Rabbimin beni kendisinde sağlam bir iktidarla yerleşik kıldığı
(güç, nimet ve imkan) daha hayırlıdır..." (Kehf
Suresi, 95) ayetinden de anlaşıldığı gibi, Allah'ın nimetiyle
sağlam bir iktidara sahiptir. Ve bu büyük gücü, yeryüzünde
bozgunculuğu engellemek için kullanmıştır.
Altınçağ döneminde de insanlar çok büyük bir
zenginliğe, refaha ve huzura kavuşacaklardır. Mehdi yeryüzünün
tüm zenginliğini Allah'ın dinini yeryüzüne hakim kılmak için
kullanacak, fethettiği ülkelerde güzel ahlakı ve barışı esas
alacaktır. Onun eşi ve benzeri olmayan uygulamaları insanların
İslam ahlakına karşı kalplerinin yumuşamasına vesile olacak
ve İslam ahlakı çok kısa bir sürede tüm dünyaya hakim olacaktır.

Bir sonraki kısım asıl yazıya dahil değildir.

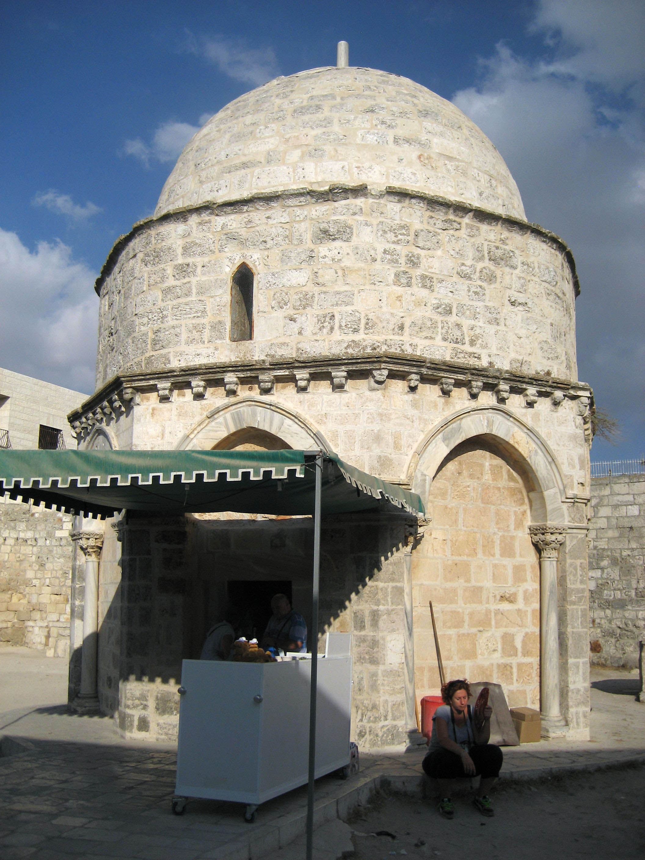 The Mosque of Ascension -- medieval chapel on Mount Olives where according to tradition, Jesus ascended to heaven 40 days after resurrection. Why, there is even a footprint in the stone to prove it. ;-)

Bu konudaki hadislerden bazıları şu şekildedir:
Ümmetim arasında Mehdi çıkacak, Allah onu
insanları zengin kılmak için gönderecektir. Ümmet nimetlenecek,
hayvanlar bol bol yiyip içecek, arz nebatını çıkaracak...
(Kitab-ül Burhan fi Alamet-il Mehdiyy-il Ahir Zaman, s.
15)
... Biattan önce, insanlar grup grup ona
akın edecekler ve oraya giden herkes ondan bereket kazanacaktır.
(El-Kavlu'l Muhtasar Fi Alamet-il Mehdiyy-il Muntazar, s.